There is something deeply beautiful about watching Africans refuse to disappear.
In a world racing towards artificial intelligence, automation, and digital transformation, many of our languages have quietly stood at the edge of extinction, overlooked, underfunded, and underestimated.
For generations, African people have been taught, directly and indirectly, that progress sounds foreign. That intelligence speaks English. That technology belongs somewhere else.
But inside a lecture hall at the University of KwaZulu-Natal, something extraordinary happened. African languages reclaimed their seat at the table of the future.

The “AI in the Pedagogy of African Languages” workshop was not just another academic gathering. It was a declaration. A declaration that isiZulu matters. That African languages matter. That African children deserve to see themselves reflected in the technologies shaping tomorrow.
It was a reminder that our languages are not relics of the past. They are living, breathing systems of knowledge capable of shaping the future of artificial intelligence itself.

At the heart of this groundbreaking initiative stands Dr Phephani Gumbi, a passionate scholar, visionary educator, and true embodiment of African excellence.
This workshop became possible because of his vision, his determination, and his unwavering belief that African languages belong in the centre of technological advancement, not on the sidelines.
He applied for the funding, carried the dream, and together with his remarkable team, brought this powerful initiative to life. There are people who work for titles, and then there are people who work for purpose. Dr Gumbi is clearly driven by purpose.
What became evident throughout this initiative is that his work goes far beyond academia. His passion for isiZulu, for African identity, for education, and for his students is deeply personal. You can feel it.
You can see it in the way he speaks about language, in the spaces he creates for young scholars, and in the urgency behind this work.
He understands that when we preserve African languages, we preserve memory, culture, dignity, and humanity itself.

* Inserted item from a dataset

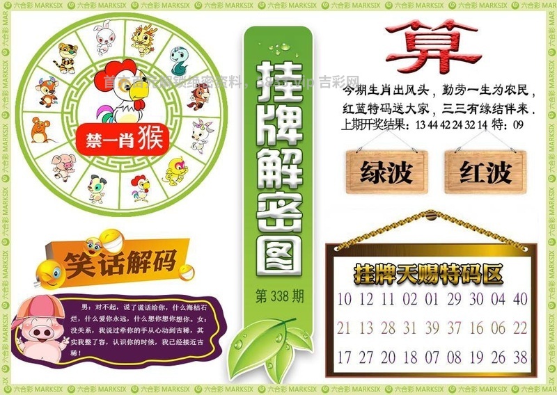 | 338期:今期鸡狗兔出特,马驴尽食江南票:开狗08准。 ①鸡狗兔猪猴 ②合双+大数 本人取特都是有思路可寻,对错看天意,喷狗绕道 |

Supported through a sponsorship agreement between the South African Centre for Digital Language Resources (SADiLaR) and the University of KwaZulu-Natal, the workshop focused on the role artificial intelligence can play in teaching, preserving, digitising, and revitalising African languages.
The aims of the workshop included promoting innovation in language teaching, preserving endangered African languages, addressing digital inequalities, fostering interdisciplinary collaboration, and exploring ethical approaches to AI in education.

These conversations could not be more urgent.
Artificial intelligence is rapidly reshaping the world. The systems being built today will influence education, communication, healthcare, governance, and access to information for generations to come. But if African languages are excluded from these systems, then millions of African people risk digital exclusion too.
A future where technology cannot understand isiZulu, isiXhosa, Sesotho, Tshivenda, Kiswahili, Yoruba, or Shona is not innovation. It is erasure.
That is why this workshop mattered so much.

It was about more than technology. It was about belonging. It was about ensuring that African children grow up knowing that their mother tongues are intelligent enough for science, advanced enough for artificial intelligence, and powerful enough to exist in every digital space imaginable.
There was something profoundly emotional about witnessing African scholars, researchers, students, and innovators come together to imagine a future where our languages are not merely surviving, but thriving.
A future where a child in rural KwaZulu-Natal can interact with AI in isiZulu. A future where African languages are fully integrated into educational tools, research platforms, digital archives, and machine learning systems.
That future no longer feels impossible.

The presence and contribution of Professor Langa Khumalo, one of Africa’s leading authorities in computational linguistics and African language resources, further reinforced the significance of the workshop.
His work, much like Dr Gumbi’s, represents a growing movement of African intellectuals who are refusing to allow our languages to be left behind in the digital revolution.
And perhaps that is what made this gathering feel so powerful. It was not rooted in fear. It was rooted in hope.
Hope that Africa can lead. Hope that our languages can innovate. Hope that our children can inherit technologies that recognise them fully. Hope that African knowledge systems will finally receive the respect they deserve.

People like Dr Phephani Gumbi remind us that Africa has never lacked brilliance. What Africa has often lacked is investment in its own brilliance. Yet despite those obstacles, scholars like him continue to rise, continue to build, and continue to carry entire generations forward with them.
With leaders, educators, and researchers like Dr Gumbi and his team, African languages are in safe hands.
African education is in safe hands. And perhaps most importantly, Africa’s technological future is in safe hands too.

The future of artificial intelligence must not only speak English.
It must also speak isiZulu.
It must laugh in isiXhosa.
It must dream in Kiswahili.
It must think in Tshivenda.
It must sing in Yoruba.
It must remember Africa.
And thanks to visionaries like Dr Phephani Gumbi, that future is already speaking.